Using MFA to attack MFA? Meet the dormant account takeover

One of the sneakier ways hackers can get around MFA is by taking over dormant Microsoft accounts. Mandiant, a cybersecurity company, says it recently observed a trend where hackers, including the Russian espionage group APT29, take advantage of the self-enrollment process for MFA in Azure Active Directory and other platforms.

In one case, APT29 apparently conducted a password-guessing attack against a list of mailboxes they had somehow obtained. They successfully guessed a password to an account that had been set up but never used.
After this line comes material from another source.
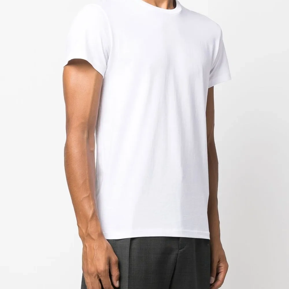 Белый, хлопок, круглый вырез, короткие рукава и прямой подол.

Because it was dormant, Mandiant says Azure AD prompted APT29 to enroll in MFA, and once that happened, the hacking group was able to access VPN infrastructure that was using Azure AD for authentication and MFA.

[Read also: Business email compromise attacks are yet another (increasingly lucrative) way hackers are tricking employees into wiring them money]

To counter such exploits, Mandiant recommends ensuring all active accounts have at least one MFA device enrolled and working with your platform vendor to add additional verifications to the MFA enrollment process.

John Pescatore, director of emerging security trends for the SANS Institute, says most MFA bypass attacks like these have one thing in common: They rely on poorly implemented processes vs. directly compromising the MFA solution.

“No security, when done badly, is the answer,” he says. “But strong security controls like MFA, privilege management, application control and rapid patching, and penetration done by a skilled staff has enabled many companies to avoid major damage from cyberattacks—without impacting business.”